So bleibt die Sprache der Oberfläche zweitrangig, weil der eigentliche Prozess — Trade zeichnen, Ergebnis markieren, Daten landen automatisch im Journal — überall gleich funktioniert.

Häufige Fragen zum Trading-Journal auf Deutsch

Gibt es ein Trading-Tagebuch mit deutscher Oberfläche?

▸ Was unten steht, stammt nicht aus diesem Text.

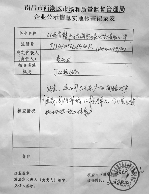 乱象三:“赣中旅”和“深青旅江西分公司”已是人去楼空,法人代表和负责人同是李庆龙

Die meisten bekannten Trading-Journale kommen aus den USA und sind primär auf Englisch. ReziFX führt einen eigenen deutschsprachigen Blog-Bereich, und die Erfassung selbst passiert direkt am Chart über die Positions-Tools von TradingView — unabhängig von der Menüsprache.

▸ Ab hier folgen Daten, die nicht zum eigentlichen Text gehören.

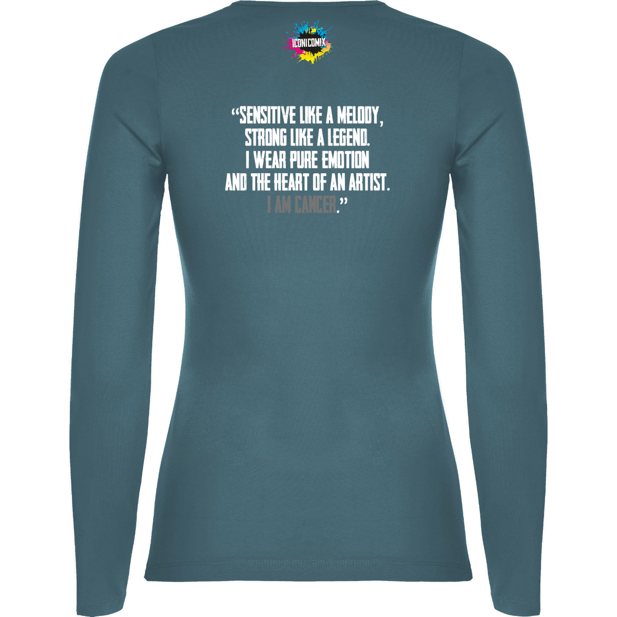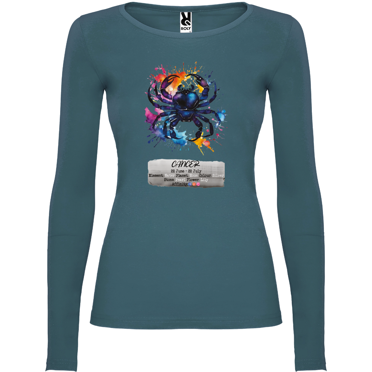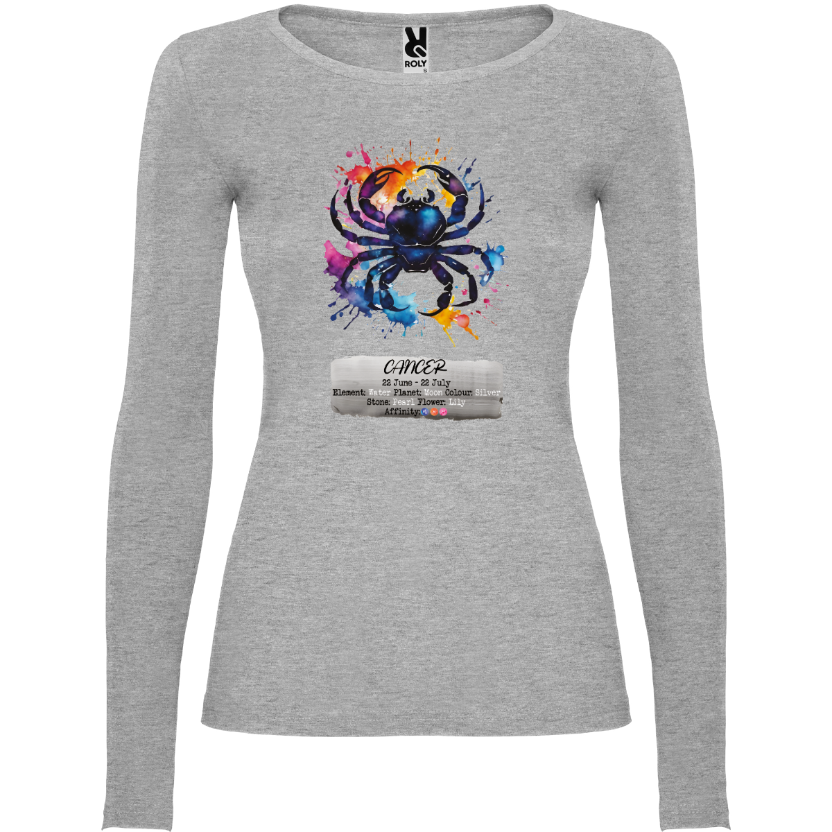 T-shirt semi-aderente, manica lunga e colletto sottile. Senza polsini. Cuciture laterali. 100% cotone, single jersey, 160 g/m². Colore grigio: 85% cotone / 15% viscosa.

Muss ich meinen Broker mit dem Trading-Journal verbinden?

Bei ReziFX nicht. Es gibt keine Konto-Verknüpfung und keine Broker-Anbindung. Du zeichnest den geplanten Trade als Long- oder Short-Position-Tool auf TradingView, markierst das Ergebnis in der ReziFX-Leiste, und Entry, Stop, Ziel sowie ein Chart-Screenshot landen automatisch im Journal.

Kann ich meine Trading-Daten exportieren?

Ja. ReziFX bietet ab dem Pro-Plan CSV/Excel-Export inklusive Screenshot-Links sowie einen live aktualisierten CSV-Feed für Google Sheets, sodass deine Daten nicht im Tool gefangen bleiben.

Ist ReziFX kostenlos nutzbar?

Es gibt einen Free-Plan zum Ausprobieren mit begrenzter Anzahl an Erfassungen pro Tag und Monat. Für die vollen Statistiken, Reports, KI-Analyse und Exporte brauchst du einen der bezahlten Pläne ab Starter. Details stehen auf rezifx.com/pricing.html.

Für welche Märkte eignet sich ein TradingView-Trading-Journal wie ReziFX?

Da ReziFX direkt an TradingView andockt, funktioniert es für alle Instrumente, die du dort chartest — Krypto, Forex, Indizes oder Aktien. Entscheidend ist, dass du deinen Trade als Position-Tool auf dem Chart einzeichnest.

Mehr zum Grundprinzip eines strukturierten Tagebuchs findest du in unserem Beitrag Trading-Tagebuch führen. Für den konkreten Workflow am Chart lohnt sich auch ein Blick in unseren englischsprachigen Artikel zum TradingView-Screenshot-Workflow sowie in die Antwort auf die Frage Does TradingView have a trade journal?

Journal am Chart erfassen, statt es nachträglich abzutippen

Extension holen und direkt auf TradingView starten — oder erst die Pläne vergleichen.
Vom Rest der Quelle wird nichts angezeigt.